Transcribe each entry exactly, without pictures.

- [Data records]
+--

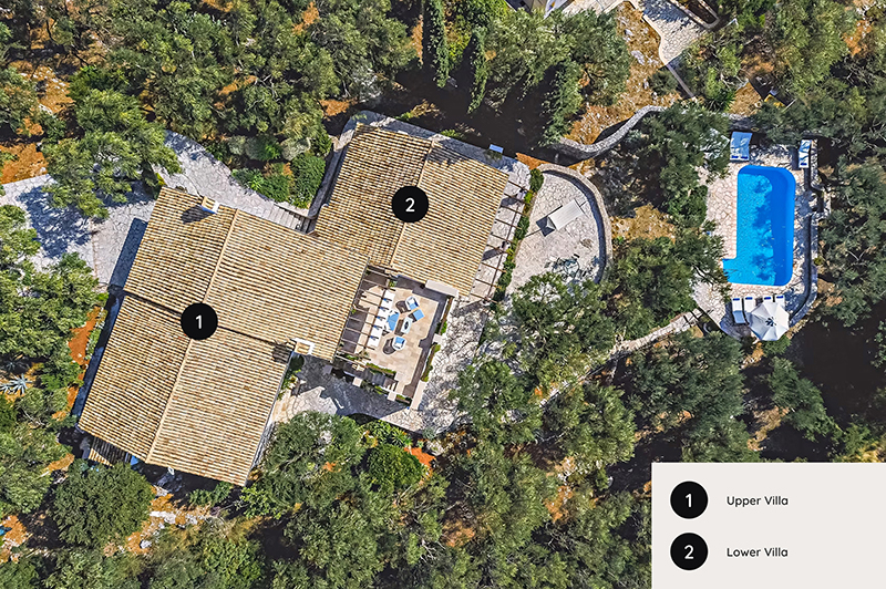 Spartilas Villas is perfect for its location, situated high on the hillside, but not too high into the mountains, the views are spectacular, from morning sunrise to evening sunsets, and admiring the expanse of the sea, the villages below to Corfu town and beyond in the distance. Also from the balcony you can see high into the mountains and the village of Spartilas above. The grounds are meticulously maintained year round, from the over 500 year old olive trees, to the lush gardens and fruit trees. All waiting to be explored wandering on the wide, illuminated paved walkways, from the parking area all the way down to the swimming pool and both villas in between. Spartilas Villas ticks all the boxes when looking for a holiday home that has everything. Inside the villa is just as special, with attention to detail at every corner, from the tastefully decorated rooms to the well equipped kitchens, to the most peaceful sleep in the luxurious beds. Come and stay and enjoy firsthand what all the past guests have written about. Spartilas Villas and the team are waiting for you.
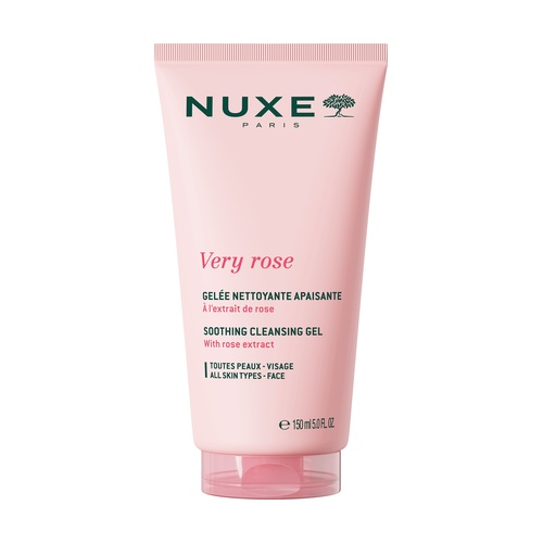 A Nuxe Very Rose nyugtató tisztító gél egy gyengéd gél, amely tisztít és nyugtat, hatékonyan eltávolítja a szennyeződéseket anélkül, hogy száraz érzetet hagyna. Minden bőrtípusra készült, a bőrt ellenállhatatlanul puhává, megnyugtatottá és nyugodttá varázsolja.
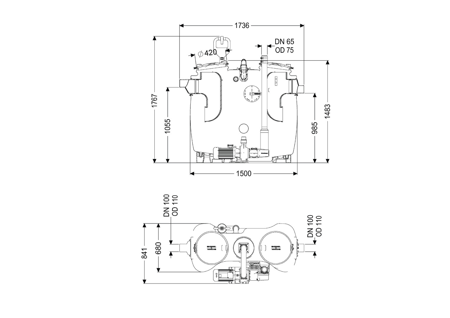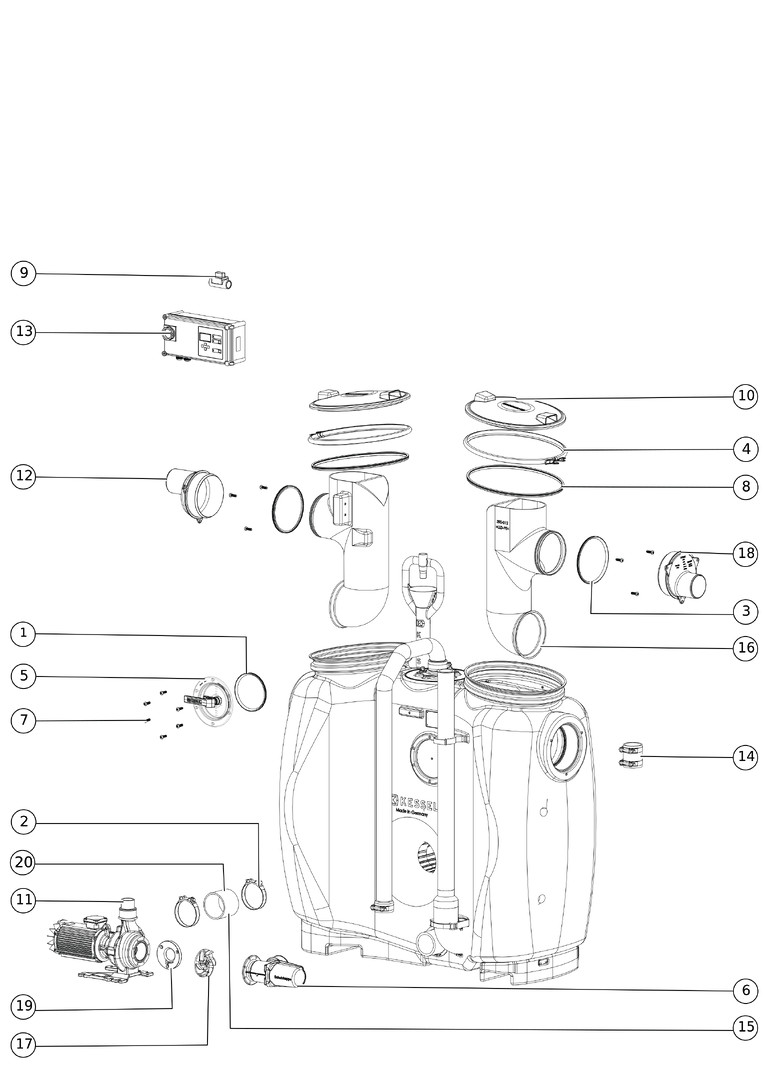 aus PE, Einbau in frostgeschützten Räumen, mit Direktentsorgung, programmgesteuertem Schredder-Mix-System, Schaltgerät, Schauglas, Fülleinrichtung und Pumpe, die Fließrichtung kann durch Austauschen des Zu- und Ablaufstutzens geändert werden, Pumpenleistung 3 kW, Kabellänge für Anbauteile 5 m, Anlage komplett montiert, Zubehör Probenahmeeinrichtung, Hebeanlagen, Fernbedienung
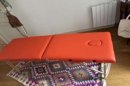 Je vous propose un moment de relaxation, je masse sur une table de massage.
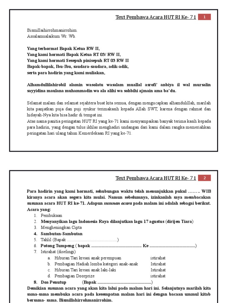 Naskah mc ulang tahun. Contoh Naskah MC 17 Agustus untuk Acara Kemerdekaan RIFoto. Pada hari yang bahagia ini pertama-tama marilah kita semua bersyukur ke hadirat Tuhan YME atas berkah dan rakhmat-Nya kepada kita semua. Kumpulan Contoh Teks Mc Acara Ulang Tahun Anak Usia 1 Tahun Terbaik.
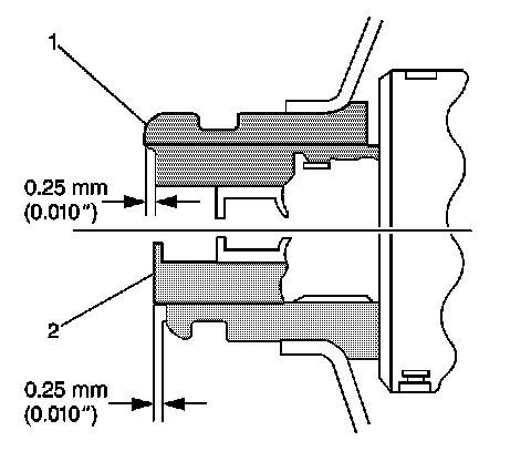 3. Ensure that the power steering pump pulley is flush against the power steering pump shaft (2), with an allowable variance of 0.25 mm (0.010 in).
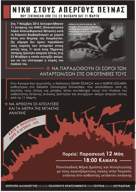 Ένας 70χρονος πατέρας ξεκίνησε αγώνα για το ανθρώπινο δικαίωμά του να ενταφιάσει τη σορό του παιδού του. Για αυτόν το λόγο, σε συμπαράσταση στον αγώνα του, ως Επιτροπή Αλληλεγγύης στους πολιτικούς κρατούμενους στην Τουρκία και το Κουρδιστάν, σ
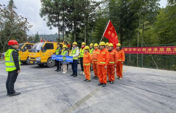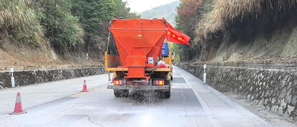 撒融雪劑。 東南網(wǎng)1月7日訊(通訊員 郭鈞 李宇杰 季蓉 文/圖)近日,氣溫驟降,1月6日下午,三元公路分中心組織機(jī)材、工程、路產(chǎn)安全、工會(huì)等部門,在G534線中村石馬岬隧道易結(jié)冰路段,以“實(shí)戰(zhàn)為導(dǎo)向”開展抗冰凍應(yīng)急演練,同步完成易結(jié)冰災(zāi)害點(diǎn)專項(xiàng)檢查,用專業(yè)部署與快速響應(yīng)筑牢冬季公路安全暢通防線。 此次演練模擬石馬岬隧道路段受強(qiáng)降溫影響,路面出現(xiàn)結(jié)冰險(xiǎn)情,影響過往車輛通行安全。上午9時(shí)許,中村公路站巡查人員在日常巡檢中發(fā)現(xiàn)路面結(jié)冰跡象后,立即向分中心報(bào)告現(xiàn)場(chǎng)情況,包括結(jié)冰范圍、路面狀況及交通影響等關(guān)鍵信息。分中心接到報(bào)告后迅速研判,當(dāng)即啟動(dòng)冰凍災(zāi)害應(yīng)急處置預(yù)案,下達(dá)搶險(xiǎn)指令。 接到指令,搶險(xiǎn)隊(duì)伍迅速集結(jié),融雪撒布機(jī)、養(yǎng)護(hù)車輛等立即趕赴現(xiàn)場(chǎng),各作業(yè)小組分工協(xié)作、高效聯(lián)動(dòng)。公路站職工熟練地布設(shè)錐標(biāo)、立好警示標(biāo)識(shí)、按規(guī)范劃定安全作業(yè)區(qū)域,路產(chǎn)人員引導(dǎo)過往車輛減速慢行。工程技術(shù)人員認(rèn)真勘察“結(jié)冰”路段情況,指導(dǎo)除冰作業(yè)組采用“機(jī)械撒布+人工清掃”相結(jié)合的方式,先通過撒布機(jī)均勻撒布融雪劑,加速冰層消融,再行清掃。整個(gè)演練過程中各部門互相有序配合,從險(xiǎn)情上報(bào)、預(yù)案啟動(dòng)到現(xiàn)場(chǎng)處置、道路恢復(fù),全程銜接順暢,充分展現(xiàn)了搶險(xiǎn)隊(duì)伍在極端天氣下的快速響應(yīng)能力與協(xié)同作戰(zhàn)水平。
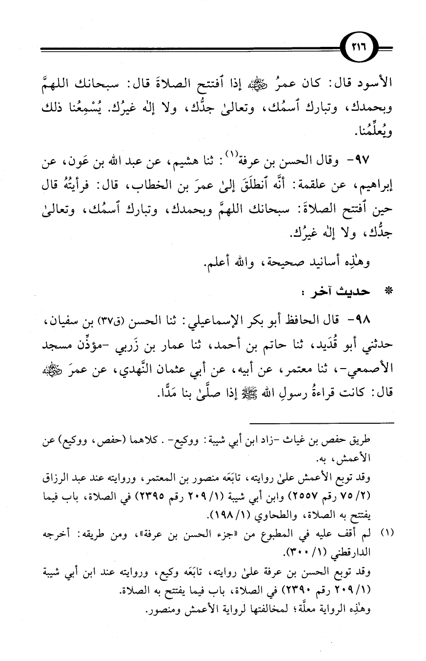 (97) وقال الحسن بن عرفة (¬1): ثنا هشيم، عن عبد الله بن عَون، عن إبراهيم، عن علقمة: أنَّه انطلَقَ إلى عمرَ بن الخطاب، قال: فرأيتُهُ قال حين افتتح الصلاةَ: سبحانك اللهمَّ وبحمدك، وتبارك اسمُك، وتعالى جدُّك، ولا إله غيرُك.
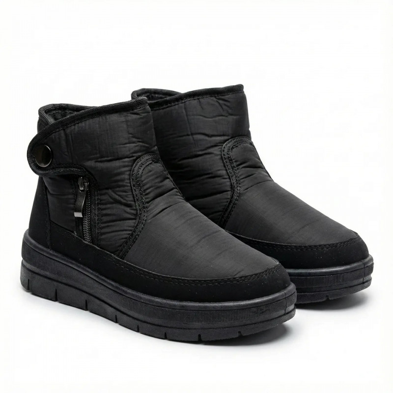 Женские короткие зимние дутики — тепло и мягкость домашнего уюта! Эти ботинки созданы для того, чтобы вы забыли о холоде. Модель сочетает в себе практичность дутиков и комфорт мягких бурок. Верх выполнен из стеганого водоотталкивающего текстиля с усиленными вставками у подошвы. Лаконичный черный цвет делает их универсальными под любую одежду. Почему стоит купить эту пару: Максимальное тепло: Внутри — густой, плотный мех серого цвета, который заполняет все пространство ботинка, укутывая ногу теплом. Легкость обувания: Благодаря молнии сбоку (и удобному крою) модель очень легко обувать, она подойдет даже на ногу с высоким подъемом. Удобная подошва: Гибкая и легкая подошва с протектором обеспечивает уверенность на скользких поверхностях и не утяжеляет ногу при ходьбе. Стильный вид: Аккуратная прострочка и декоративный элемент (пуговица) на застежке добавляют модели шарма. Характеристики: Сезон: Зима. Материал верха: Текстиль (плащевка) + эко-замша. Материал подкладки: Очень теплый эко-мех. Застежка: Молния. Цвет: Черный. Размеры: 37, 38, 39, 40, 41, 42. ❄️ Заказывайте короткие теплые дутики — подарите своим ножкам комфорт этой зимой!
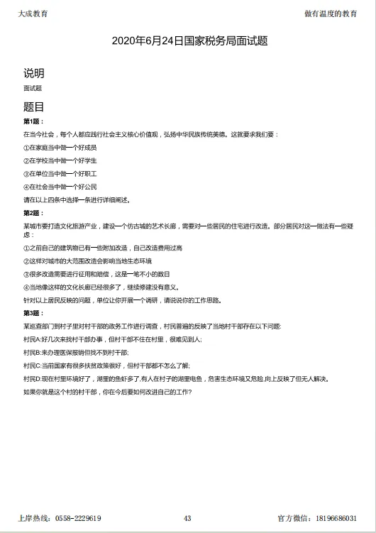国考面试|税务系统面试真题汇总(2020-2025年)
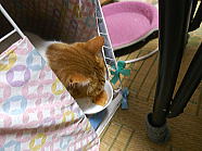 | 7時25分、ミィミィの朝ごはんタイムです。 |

+--

- [Response]
 Spartilas Villas is perfect for its location, situated high on the hillside, but not too high into the mountains, the views are spectacular, from morning sunrise to evening sunsets, and admiring the expanse of the sea, the villages below to Corfu town and beyond in the distance. Also from the balcony you can see high into the mountains and the village of Spartilas above. The grounds are meticulously maintained year round, from the over 500 year old olive trees, to the lush gardens and fruit trees. All waiting to be explored wandering on the wide, illuminated paved walkways, from the parking area all the way down to the swimming pool and both villas in between. Spartilas Villas ticks all the boxes when looking for a holiday home that has everything. Inside the villa is just as special, with attention to detail at every corner, from the tastefully decorated rooms to the well equipped kitchens, to the most peaceful sleep in the luxurious beds. Come and stay and enjoy firsthand what all the past guests have written about. Spartilas Villas and the team are waiting for you.
 A Nuxe Very Rose nyugtató tisztító gél egy gyengéd gél, amely tisztít és nyugtat, hatékonyan eltávolítja a szennyeződéseket anélkül, hogy száraz érzetet hagyna. Minden bőrtípusra készült, a bőrt ellenállhatatlanul puhává, megnyugtatottá és nyugodttá varázsolja.
 aus PE, Einbau in frostgeschützten Räumen, mit Direktentsorgung, programmgesteuertem Schredder-Mix-System, Schaltgerät, Schauglas, Fülleinrichtung und Pumpe, die Fließrichtung kann durch Austauschen des Zu- und Ablaufstutzens geändert werden, Pumpenleistung 3 kW, Kabellänge für Anbauteile 5 m, Anlage komplett montiert, Zubehör Probenahmeeinrichtung, Hebeanlagen, Fernbedienung
 Je vous propose un moment de relaxation, je masse sur une table de massage.
 Naskah mc ulang tahun. Contoh Naskah MC 17 Agustus untuk Acara Kemerdekaan RIFoto. Pada hari yang bahagia ini pertama-tama marilah kita semua bersyukur ke hadirat Tuhan YME atas berkah dan rakhmat-Nya kepada kita semua. Kumpulan Contoh Teks Mc Acara Ulang Tahun Anak Usia 1 Tahun Terbaik.
 3. Ensure that the power steering pump pulley is flush against the power steering pump shaft (2), with an allowable variance of 0.25 mm (0.010 in).
 Ένας 70χρονος πατέρας ξεκίνησε αγώνα για το ανθρώπινο δικαίωμά του να ενταφιάσει τη σορό του παιδού του. Για αυτόν το λόγο, σε συμπαράσταση στον αγώνα του, ως Επιτροπή Αλληλεγγύης στους πολιτικούς κρατούμενους στην Τουρκία και το Κουρδιστάν, σ
 撒融雪劑。 東南網(wǎng)1月7日訊(通訊員 郭鈞 李宇杰 季蓉 文/圖)近日,氣溫驟降,1月6日下午,三元公路分中心組織機(jī)材、工程、路產(chǎn)安全、工會(huì)等部門,在G534線中村石馬岬隧道易結(jié)冰路段,以“實(shí)戰(zhàn)為導(dǎo)向”開展抗冰凍應(yīng)急演練,同步完成易結(jié)冰災(zāi)害點(diǎn)專項(xiàng)檢查,用專業(yè)部署與快速響應(yīng)筑牢冬季公路安全暢通防線。 此次演練模擬石馬岬隧道路段受強(qiáng)降溫影響,路面出現(xiàn)結(jié)冰險(xiǎn)情,影響過往車輛通行安全。上午9時(shí)許,中村公路站巡查人員在日常巡檢中發(fā)現(xiàn)路面結(jié)冰跡象后,立即向分中心報(bào)告現(xiàn)場(chǎng)情況,包括結(jié)冰范圍、路面狀況及交通影響等關(guān)鍵信息。分中心接到報(bào)告后迅速研判,當(dāng)即啟動(dòng)冰凍災(zāi)害應(yīng)急處置預(yù)案,下達(dá)搶險(xiǎn)指令。 接到指令,搶險(xiǎn)隊(duì)伍迅速集結(jié),融雪撒布機(jī)、養(yǎng)護(hù)車輛等立即趕赴現(xiàn)場(chǎng),各作業(yè)小組分工協(xié)作、高效聯(lián)動(dòng)。公路站職工熟練地布設(shè)錐標(biāo)、立好警示標(biāo)識(shí)、按規(guī)范劃定安全作業(yè)區(qū)域,路產(chǎn)人員引導(dǎo)過往車輛減速慢行。工程技術(shù)人員認(rèn)真勘察“結(jié)冰”路段情況,指導(dǎo)除冰作業(yè)組采用“機(jī)械撒布+人工清掃”相結(jié)合的方式,先通過撒布機(jī)均勻撒布融雪劑,加速冰層消融,再行清掃。整個(gè)演練過程中各部門互相有序配合,從險(xiǎn)情上報(bào)、預(yù)案啟動(dòng)到現(xiàn)場(chǎng)處置、道路恢復(fù),全程銜接順暢,充分展現(xiàn)了搶險(xiǎn)隊(duì)伍在極端天氣下的快速響應(yīng)能力與協(xié)同作戰(zhàn)水平。
 (97) وقال الحسن بن عرفة (¬1): ثنا هشيم، عن عبد الله بن عَون، عن إبراهيم، عن علقمة: أنَّه انطلَقَ إلى عمرَ بن الخطاب، قال: فرأيتُهُ قال حين افتتح الصلاةَ: سبحانك اللهمَّ وبحمدك، وتبارك اسمُك، وتعالى جدُّك، ولا إله غيرُك.
 Женские короткие зимние дутики — тепло и мягкость домашнего уюта! Эти ботинки созданы для того, чтобы вы забыли о холоде. Модель сочетает в себе практичность дутиков и комфорт мягких бурок. Верх выполнен из стеганого водоотталкивающего текстиля с усиленными вставками у подошвы. Лаконичный черный цвет делает их универсальными под любую одежду. Почему стоит купить эту пару: Максимальное тепло: Внутри — густой, плотный мех серого цвета, который заполняет все пространство ботинка, укутывая ногу теплом. Легкость обувания: Благодаря молнии сбоку (и удобному крою) модель очень легко обувать, она подойдет даже на ногу с высоким подъемом. Удобная подошва: Гибкая и легкая подошва с протектором обеспечивает уверенность на скользких поверхностях и не утяжеляет ногу при ходьбе. Стильный вид: Аккуратная прострочка и декоративный элемент (пуговица) на застежке добавляют модели шарма. Характеристики: Сезон: Зима. Материал верха: Текстиль (плащевка) + эко-замша. Материал подкладки: Очень теплый эко-мех. Застежка: Молния. Цвет: Черный. Размеры: 37, 38, 39, 40, 41, 42. ❄️ Заказывайте короткие теплые дутики — подарите своим ножкам комфорт этой зимой!
国考面试|税务系统面试真题汇总(2020-2025年)
 | 7時25分、ミィミィの朝ごはんタイムです。 |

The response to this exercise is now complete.